Due to its rapid global expansion and high demand, the company recently announced that it can now deliver 5,000 liquid-cooled racks per month, up from its initial target of 4,000. At its current utilisation rate of about 60% from its US headquarters and Taiwan facility, the company now expects to easily generate $14.3 to $14.7 billion in annual revenue this year, up from previous $10 billion to $11 billion guidance.

Additionally, the company opened a low-cost manufacturing facility in Malaysia last year, which it believes will result in a better cost structure and higher volume.

 

MANUFACTURING EFFICIENCY = FATTER MARGINS

This showing up in far better operating margins. In 2020, these were just 2.57%, and even allowing for the Covid impact, 2019’s were only a little better at 2.78%. Compare that to last year’s 10.7%, up from 6.45% in 2022. Second quarter 2024 operating margins were 11.3%, suggesting there remain further margin gains to be had.  

Management is confident of clocking more than $20 billion revenues in fiscal 2025. Analyst consensus, according to Stockopedia, calls for $20.2 billion revenue next year on which roughly $1.84 billion net profits are likely, implying earnings per share of $30.
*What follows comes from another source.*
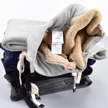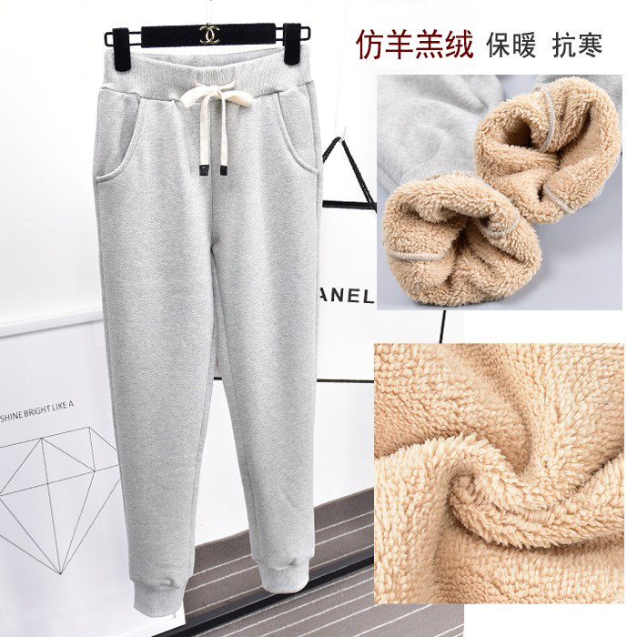 秋冬新款仿羊羔绒运动裤女加绒加厚小脚卫裤保暖休闲裤女大码长裤

Super Micro is not as prominent as some server industry giants, a market dominated by the likes of Hewlett Packard Enterprise (HPE:NYSE), Dell Technologies (DELL:NYSE), IBM (IBM:NYSE), Cisco Systems (CSCO:NYSE) and Lenovo (LNVGY:OTCMKTS), its focus on niche markets and specialisation in AI hardware infrastructure position it for a bright future.

Considering the stock’s astonishing rise, Super Micro shares are no longer what you might call cheap. Based on fiscal 2025 estimates, the current price to earnings multiple is just a little shy of 40, about twice that of the S&P 500 right now. Yet the company is clearly growing far faster than the high-single digits of the average US company so should command a premium.
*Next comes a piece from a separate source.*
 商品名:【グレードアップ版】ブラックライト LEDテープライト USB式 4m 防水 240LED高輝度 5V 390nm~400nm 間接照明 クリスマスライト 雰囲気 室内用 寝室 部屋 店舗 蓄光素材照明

Certainly, the analyst community remains very supportive, with nine of the 17 analysts covering the stock slapping buy ratings on the shares (plus two overweights), five holds and just the single sell, based on MarketWatch information.

 

HARD INVESTMENT CASE TO MAKE

Yet there appears to be little reason to chase the stock right now, based on price target information. The consensus average stands at $745, implying significant scope to fall over the coming weeks and months, especially if there is any performance weakness. Even the top target of $1,300 implies only a modest 12% upside.
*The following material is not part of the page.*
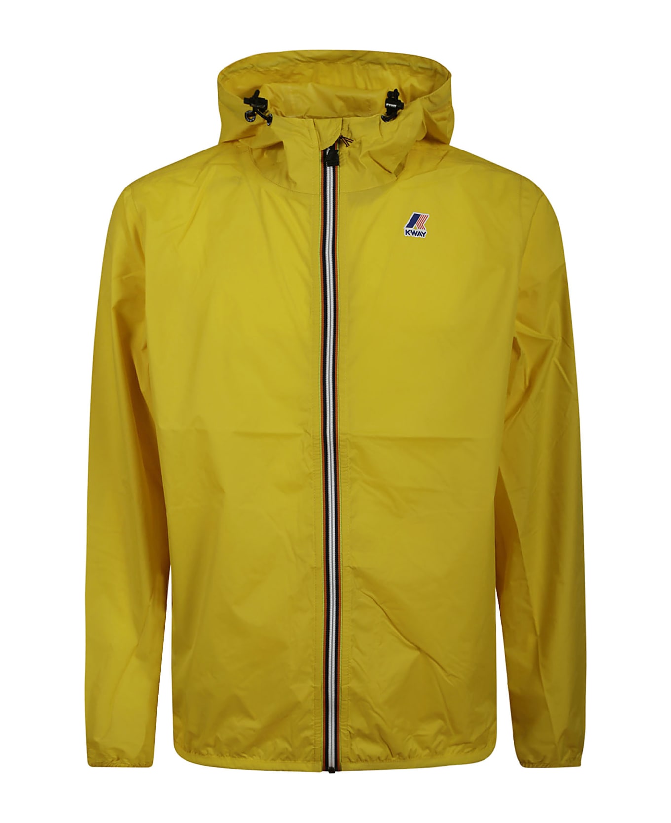 K-way Yellow nylon jacket, hood with drawstring, waterproof, water-repellent, windproof, breathable ripstop fabric, heat-taped seams, adjustable hood with elastic cord, zip closure, internal windproof flap, elastic cuffs, 2 zip pockets, logo detail colorful printed.

Based on its fiscal 2025 growth estimates and AI-driven opportunities in the coming years, Super Micro’s valuation seems not unreasonable, if a little top-heavy right now. Yes, there is massive growth projected for AI servers, and Super Micro looks poised to be among the emerging leaders in the space. 

An awful lot of growth is already priced in, tilting the risk/reward balance a little too far towards the former for many investors, we suspect. Perhaps the sensible approach would be to examine the portfolios of any tech-based funds you already own to see if you already hold exposure to Super Micro – if so, that may be enough for now.